Here is 'very' simplfied xml from an author in which they left out the ' (Sheet 3)' from the glink element.:
<?xml version="1.0" encoding="UTF-8" standalone="yes"?>
<root>
<para>
Go look at figure <glink refid=1>Figure 22</glink> (Sheet 3). Then go do something else.
</para>
</root>
Here is what I'd like it to convert to where the ' (Sheet 3)' is now inside the glink tag:
<?xml version="1.0" encoding="UTF-8" standalone="yes"?>
<root>
<para>
Go look at figure <glink refid=1>Figure 22 (Sheet 3)</glink>. Then go do something else.
</para>
</root>
The case when this conversion should happen is when there is a glink element followed by (this regular expression):
\s\(Sheet \d\)
I currently have 2 XSLTs. The first pre-processes the XML to convert a number of other situations (using regular expression/xsl:analyze-string).

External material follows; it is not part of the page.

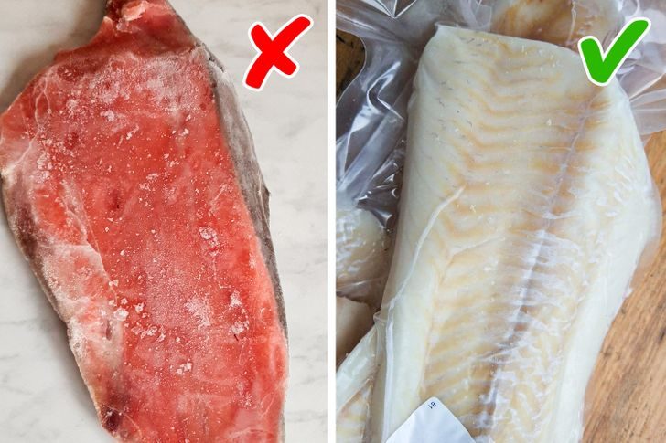 Недобросовестные производители могут продавать повторно замороженную рыбу. У нее толстая неравномерная глазурь, которая может быть покрыта снегом или инеем. Такая рыба становится невкусной и теряет питательную ценность. К тушке могут присоединиться микроорганизмы с поверхности инвентаря, глазури и рук персонала магазина. Если ледяная корка на тушке треснула или под ней видна кровь, это говорит о том, что рыба не хранилась должным образом и явно была повторно заморожена. Об этом также свидетельствует неестественная поза рыбы. Лучше не брать изогнутую тушку со сломанными плавниками и хвостом.

The second XSLT to convert from pre-processed xml to HTML. The second XSLT has a template to handle glink elements and turn it into a hyperlink but the hyperlink should be including the Sheet information.
I would assume that it is easier to pre-process this first and leave the 2nd XSLT alone, but I always appreciate better ways.
Thank you for your time.
In order to reduce the use of regex functions, I would use this approach:
<xsl:stylesheet xmlns:xsl="http://www.w3.org/1999/XSL/Transform" version="2.0">
<xsl:template match="node()|@*">
<xsl:copy>
<xsl:apply-templates select="node()|@*"/>
</xsl:copy>
</xsl:template>
<xsl:template match="glink">
<xsl:variable name="vAnalyzedString">
<xsl:analyze-string
select="following-sibling::node()[1][self::text()]"
regex="^\s*\(Sheet\s+\d+\)">
<xsl:matching-substring>
<match>
<xsl:value-of select="."/>
</match>
</xsl:matching-substring>
<xsl:non-matching-substring>
<no-match>
<xsl:value-of select="."/>
</no-match>
</xsl:non-matching-substring>
</xsl:analyze-string>
</xsl:variable>
<xsl:copy>
<xsl:apply-templates select="node()|@*"/>
<xsl:apply-templates
select="$vAnalyzedString/match/text()"/>
</xsl:copy>
<xsl:apply-templates
select="$vAnalyzedString/no-match/text()"/>
</xsl:template>
<xsl:template match="text()[preceding-sibling::node()[1][self::glink]]"/>
</xsl:stylesheet>
Output:
<root>
<para>
Go look at figure <glink refid="1">Figure 22 (Sheet 3)</glink>. Then go do something else.
</para>
</root>
Do note: all glink
are processed but none of those text nodes being the first siblings. It's posible to use xsl:analize-string
instruction, but you will need to declare a variable with partial results and then navegate those results. Also, this approach might easily let you further processing those (now) text nodes and it has only one regex processing.